# Task brief:
Lines from the one containing "We leave an" through the last line of the data are to be returned exactly, both ends included, minus any pictures.

# Collected data:
--------------------------------------------------
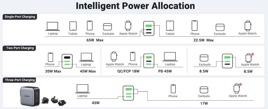 However, bear in mind that you’ll only get the maximum 65W output if you’re using only one charger’s port at a time. Otherwise, the power output will differ depending on how many ports you’re using simultaneously.
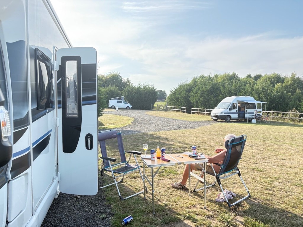 We leave an overcast but warm Minehead and head north east. Lots of slow narrow A roads before we hit the M5. We are staying at Wassel Grove Campsite not far off that motorway. It’s a basic site with no electricity but lovely views.
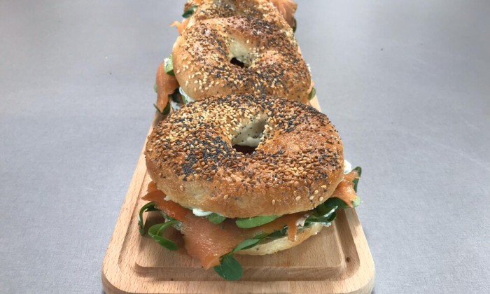 Zelfgemaakte bagels met cream cheese, gerookte zalm en avocado
--------------------------------------------------
# Answer box:
 We leave an overcast but warm Minehead and head north east. Lots of slow narrow A roads before we hit the M5. We are staying at Wassel Grove Campsite not far off that motorway. It’s a basic site with no electricity but lovely views.
 Zelfgemaakte bagels met cream cheese, gerookte zalm en avocado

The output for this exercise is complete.